=== Begin Enclosure ===

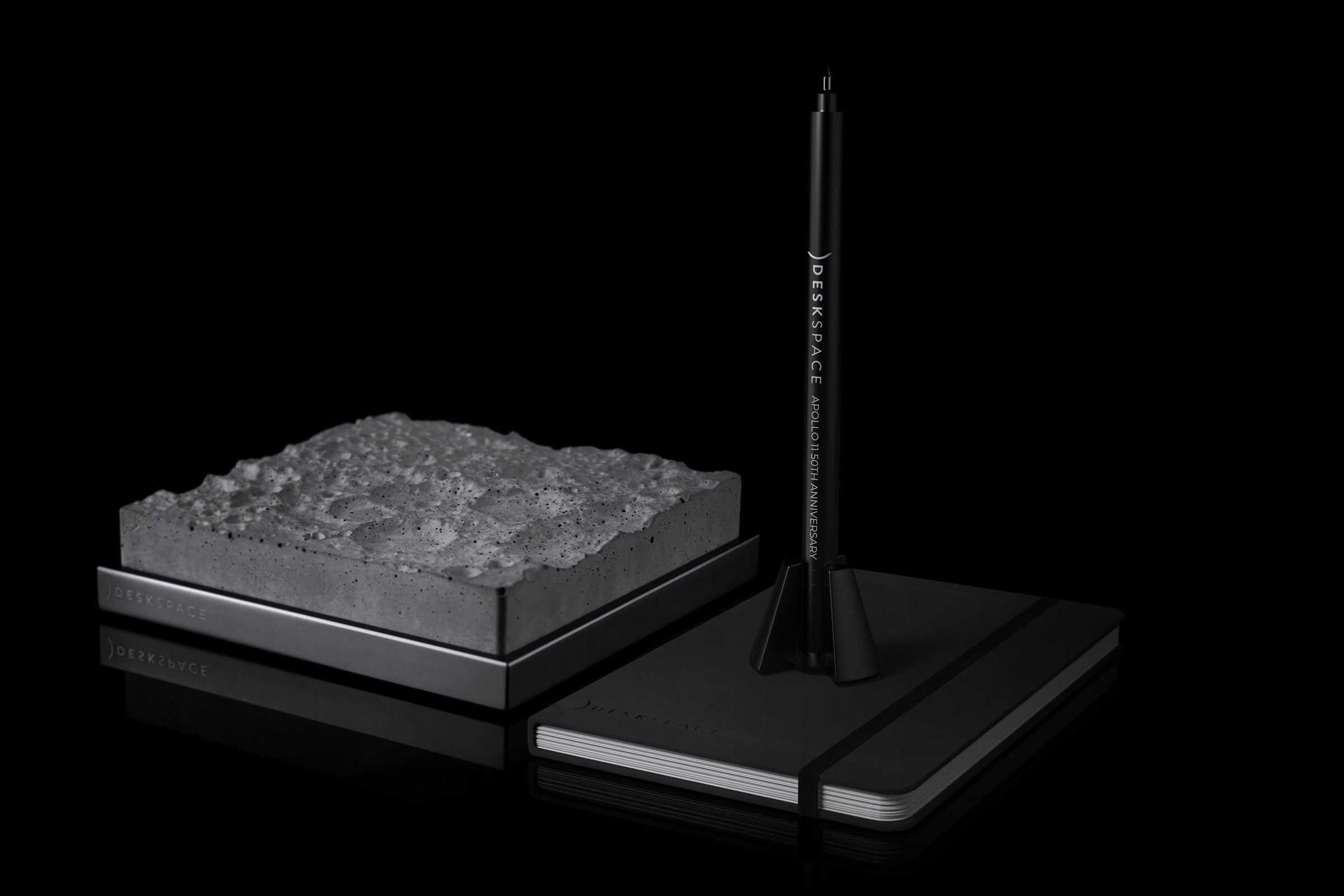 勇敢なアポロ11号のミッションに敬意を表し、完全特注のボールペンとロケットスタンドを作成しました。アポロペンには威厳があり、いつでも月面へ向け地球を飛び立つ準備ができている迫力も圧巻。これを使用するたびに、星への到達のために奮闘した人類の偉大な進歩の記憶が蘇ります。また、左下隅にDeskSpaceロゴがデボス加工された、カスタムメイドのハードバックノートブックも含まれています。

=== End Enclosure ===
=== Begin Enclosure ===

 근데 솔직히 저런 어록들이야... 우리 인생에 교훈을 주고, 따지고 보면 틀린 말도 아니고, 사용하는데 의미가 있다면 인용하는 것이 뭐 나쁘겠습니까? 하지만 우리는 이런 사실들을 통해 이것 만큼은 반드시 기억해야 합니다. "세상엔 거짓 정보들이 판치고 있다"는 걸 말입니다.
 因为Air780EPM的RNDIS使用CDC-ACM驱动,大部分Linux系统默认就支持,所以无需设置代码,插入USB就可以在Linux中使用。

=== End Enclosure ===

WORK ITEM:
Transcribe each line of the data above, unaltered, from the one where "근데 솔직히 저런 어록들이야..." appears to the one where "因为Air780EPM的RN" appears, inclusive of both.

PROBLEM SOLUTION:
 근데 솔직히 저런 어록들이야... 우리 인생에 교훈을 주고, 따지고 보면 틀린 말도 아니고, 사용하는데 의미가 있다면 인용하는 것이 뭐 나쁘겠습니까? 하지만 우리는 이런 사실들을 통해 이것 만큼은 반드시 기억해야 합니다. "세상엔 거짓 정보들이 판치고 있다"는 걸 말입니다.
 因为Air780EPM的RNDIS使用CDC-ACM驱动,大部分Linux系统默认就支持,所以无需设置代码,插入USB就可以在Linux中使用。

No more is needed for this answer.